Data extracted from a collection
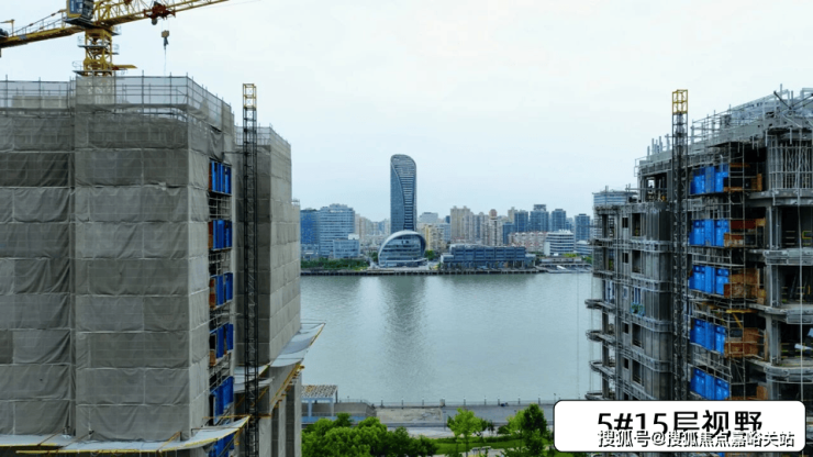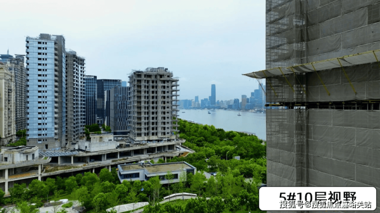 5#楼按照现场视野模拟,由于南侧1#楼的遮挡,若要纵览比较全的江景,需要20层及以上。
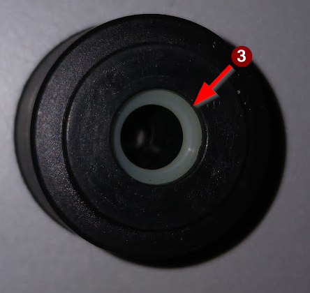 Trek de stoomknop lichtjes omhoog. Als deze zonder enige weerstand los komt dan is de stoomknop niet goed gemonteerd of de seal ring (3) is versleten. Deze ring hoort er uit te zien als hieronder (3). Als deze beschadigt of versleten is dan kunnen wij een nieuwe leveren. U mag de foto naar ons mailen ter controle.
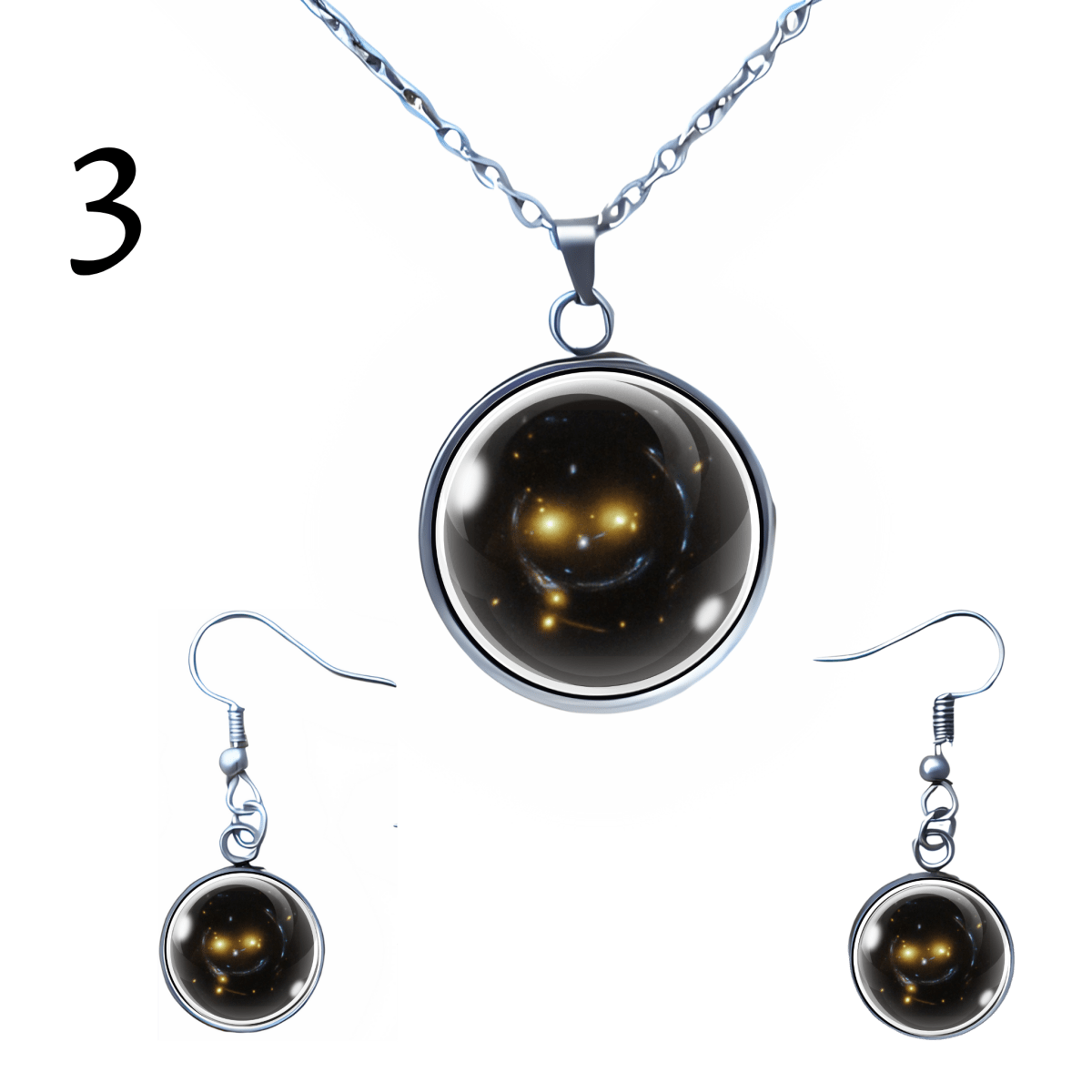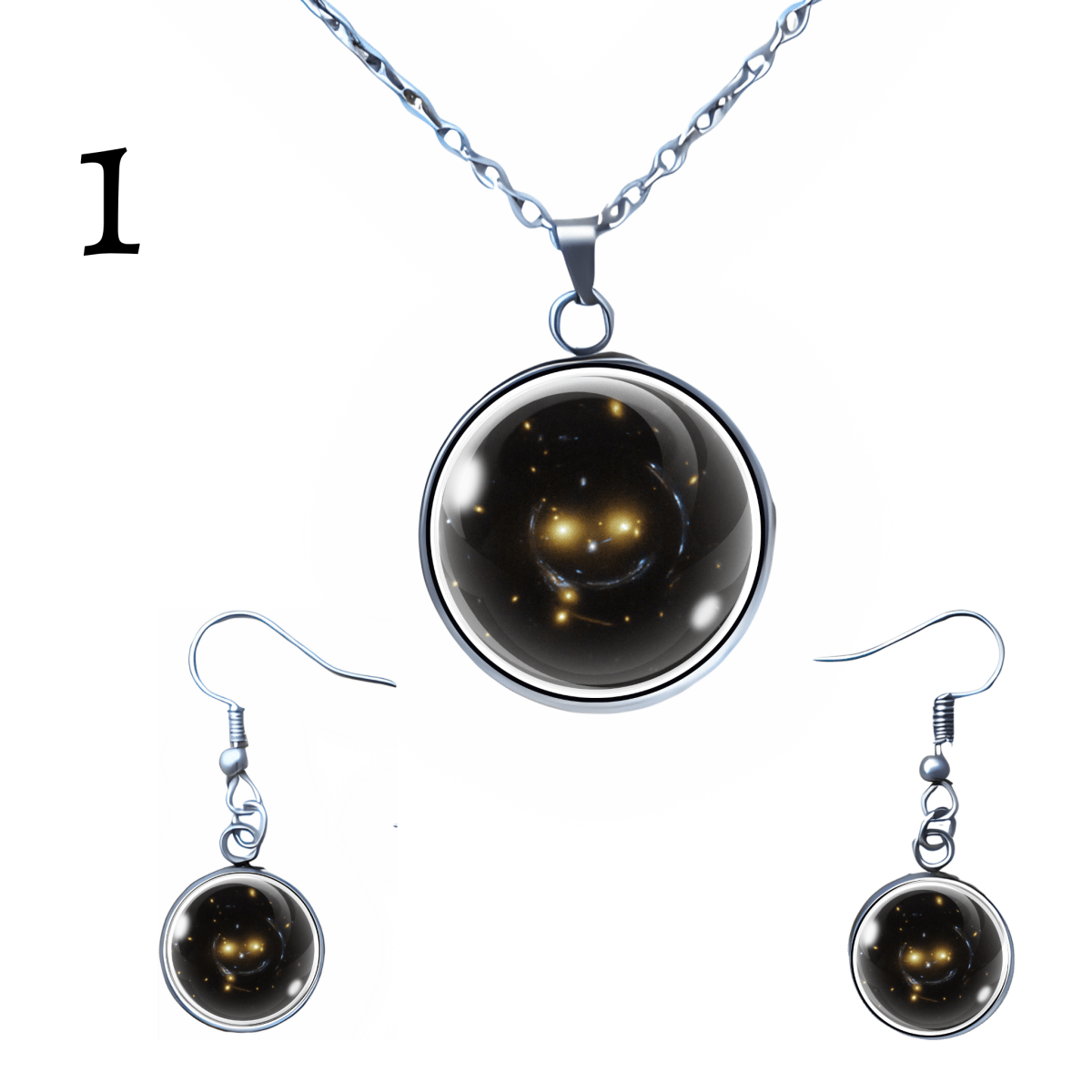 Take a little piece of the universe wherever you go with this playful jewelry set featuring the Smiley Face Galaxy—aka SDSS J1038+4849, the happiest galaxy cluster in the cosmos. Located 4.5 billion light-years away in the constellation Ursa Major, this real-life smile in the stars is now yours to wear.
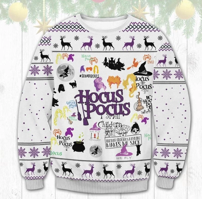 White Make Me Sick Hocus Pocus Ugly Christmas Sweater
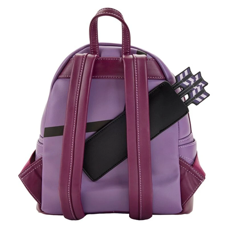 Make a heroic entrance wherever you go with the Loungefly Hawkeye Kate Bishop Cosplay Mini Backpack. This exclusive mini backpack reflects the details of Kate Bishop’s purple hero suit. On the front, Kate’s quiver strap crosses the top of her uniform while her utility belt stretches across the zipper pocket, connected by a metal ring. Kate’s arrows are ready for action as they peek out from the quiver on the bag’s back. This accessory has room to carry all your gear as you hit the ground running on any adventure. Act fast to collect; supplies are limited.
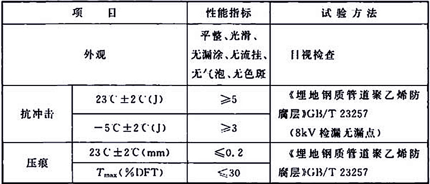 4.1 防腐補口工藝評定試驗(PQT)和施工前檢驗(PPT)應進行外觀、厚度、硬度、漏點及附著力檢查。
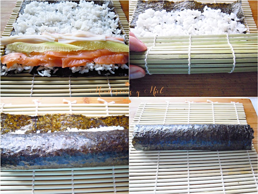 Después de leer las ideas y ayudas que nos dieron algunas compañeras del reto, me di cuenta de que podía hacerlo con ingredientes que no estuvieran crudos, y como no quería perderme el reto decidí hacerlo con salmón ahumado, surimi y pepino.
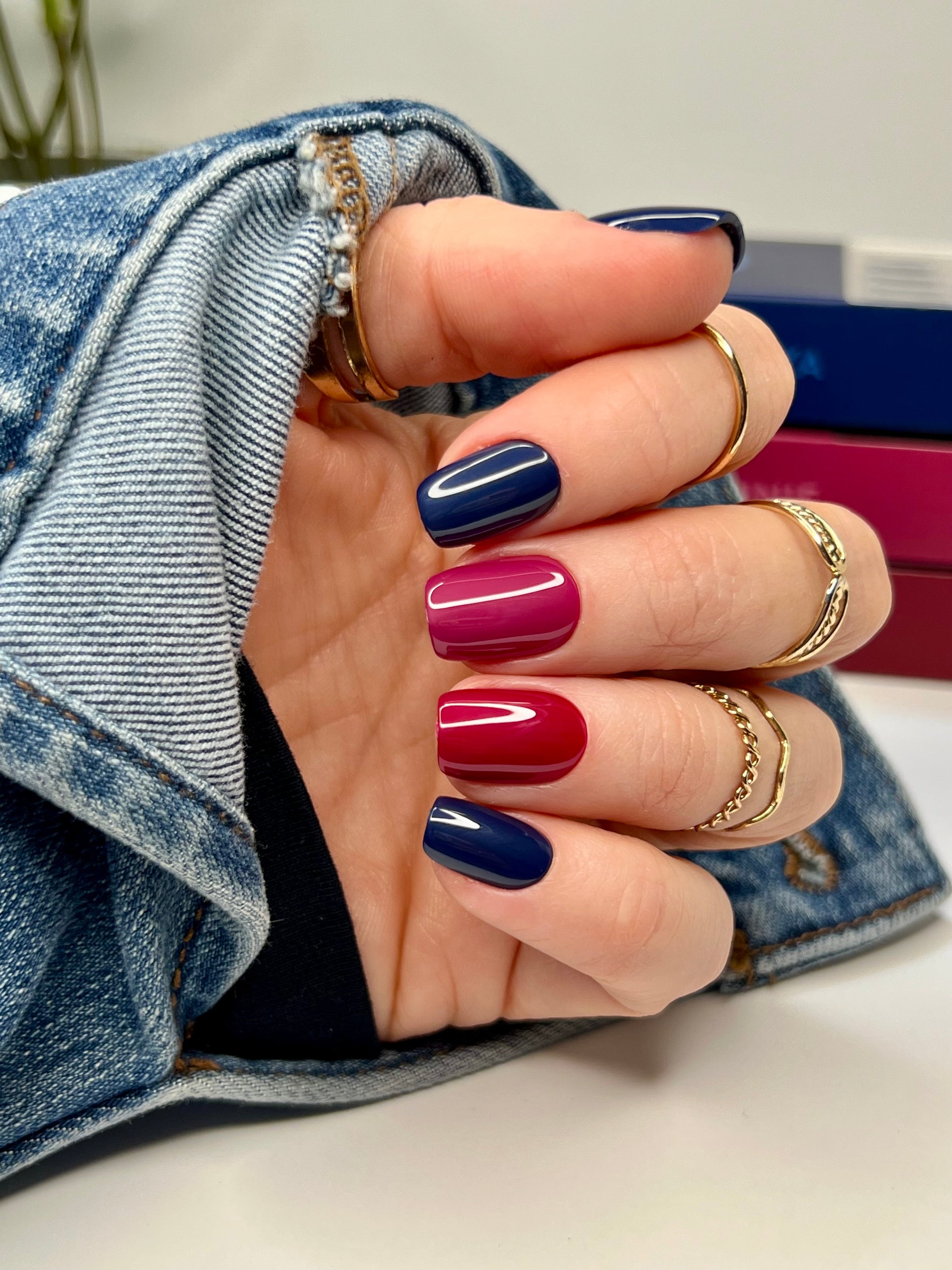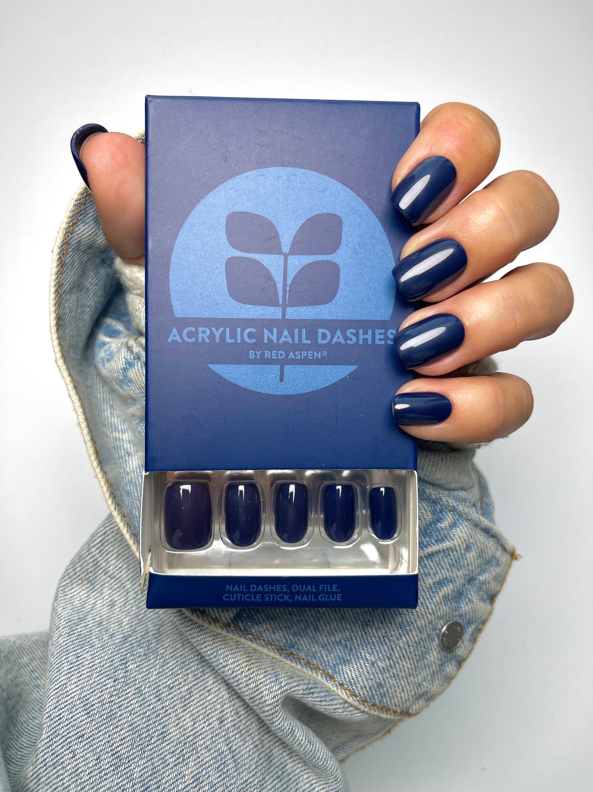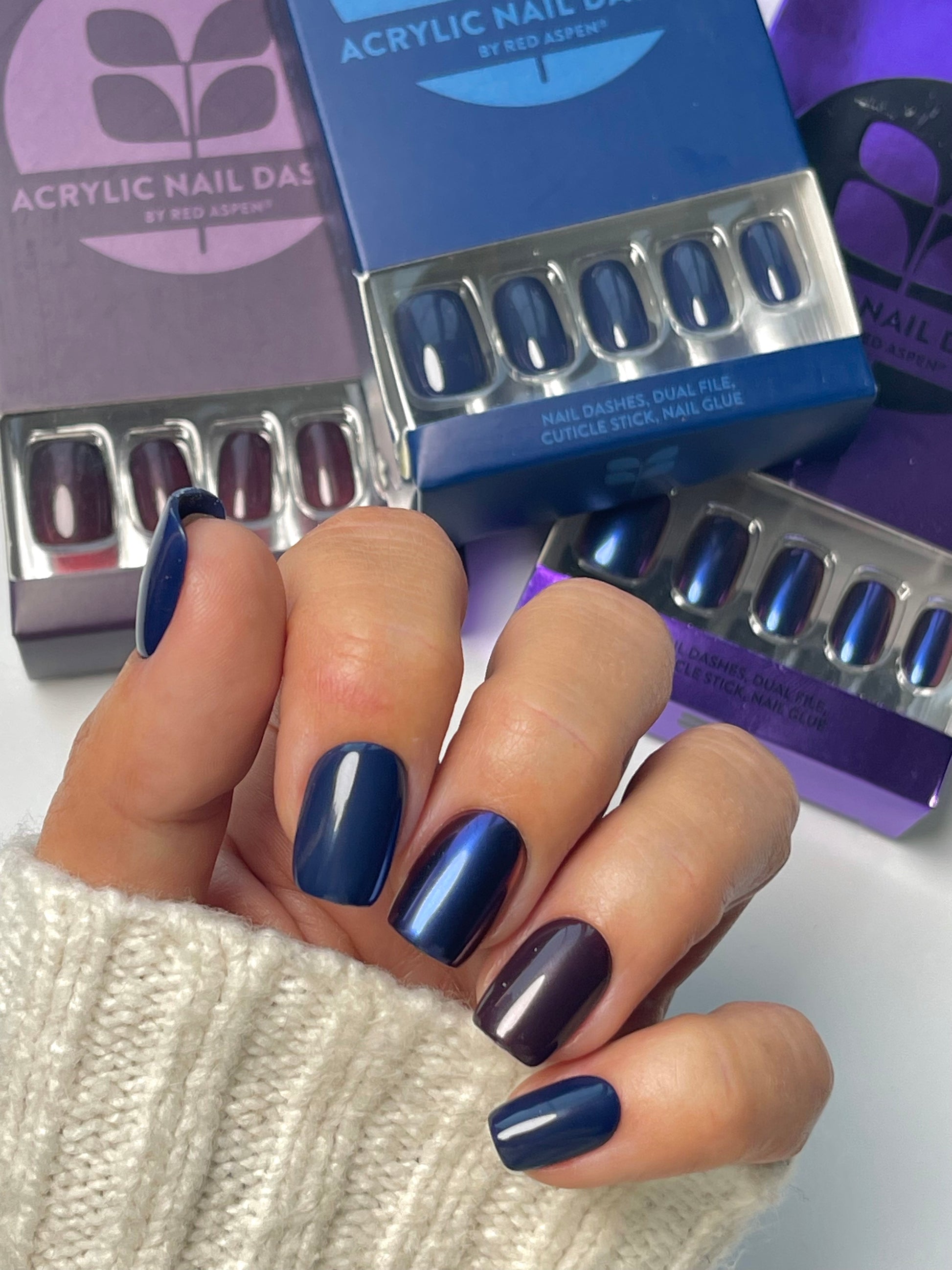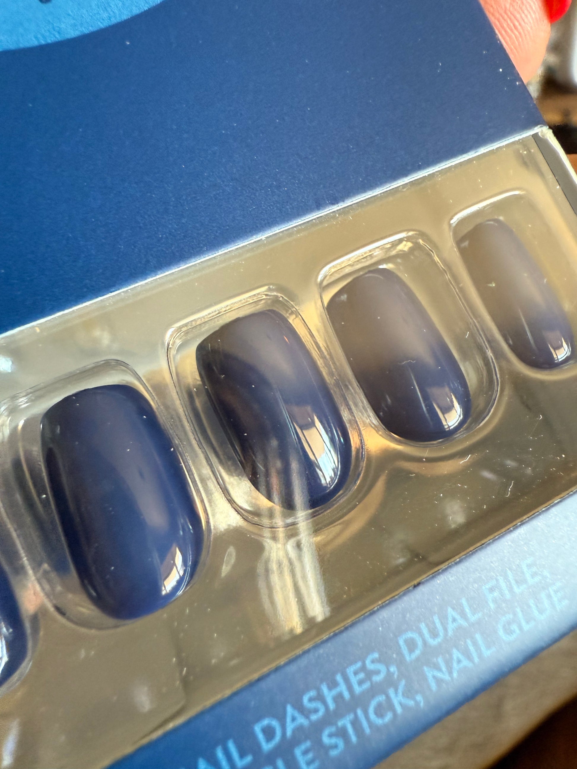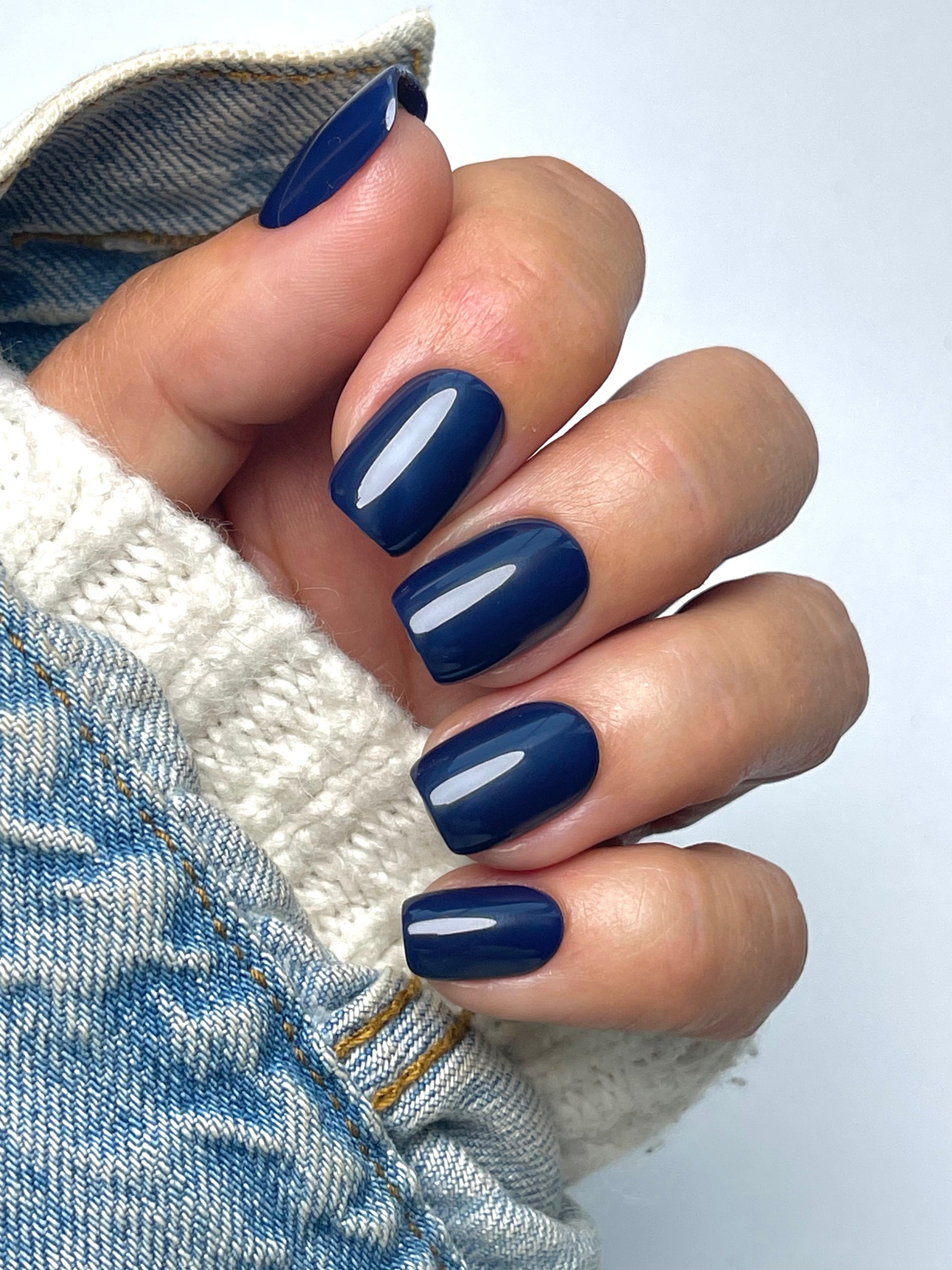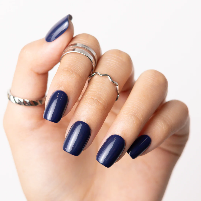 short squoval press on nails come in a blue shiny finish with an acrylic and solid nail design

• [What is needed]:
Drop the images and quote the entries word for word.

• [Response for this exercise]:
 5#楼按照现场视野模拟,由于南侧1#楼的遮挡,若要纵览比较全的江景,需要20层及以上。
 Trek de stoomknop lichtjes omhoog. Als deze zonder enige weerstand los komt dan is de stoomknop niet goed gemonteerd of de seal ring (3) is versleten. Deze ring hoort er uit te zien als hieronder (3). Als deze beschadigt of versleten is dan kunnen wij een nieuwe leveren. U mag de foto naar ons mailen ter controle.
 Take a little piece of the universe wherever you go with this playful jewelry set featuring the Smiley Face Galaxy—aka SDSS J1038+4849, the happiest galaxy cluster in the cosmos. Located 4.5 billion light-years away in the constellation Ursa Major, this real-life smile in the stars is now yours to wear.
 White Make Me Sick Hocus Pocus Ugly Christmas Sweater
 Make a heroic entrance wherever you go with the Loungefly Hawkeye Kate Bishop Cosplay Mini Backpack. This exclusive mini backpack reflects the details of Kate Bishop’s purple hero suit. On the front, Kate’s quiver strap crosses the top of her uniform while her utility belt stretches across the zipper pocket, connected by a metal ring. Kate’s arrows are ready for action as they peek out from the quiver on the bag’s back. This accessory has room to carry all your gear as you hit the ground running on any adventure. Act fast to collect; supplies are limited.
 4.1 防腐補口工藝評定試驗(PQT)和施工前檢驗(PPT)應進行外觀、厚度、硬度、漏點及附著力檢查。
 Después de leer las ideas y ayudas que nos dieron algunas compañeras del reto, me di cuenta de que podía hacerlo con ingredientes que no estuvieran crudos, y como no quería perderme el reto decidí hacerlo con salmón ahumado, surimi y pepino.
 short squoval press on nails come in a blue shiny finish with an acrylic and solid nail design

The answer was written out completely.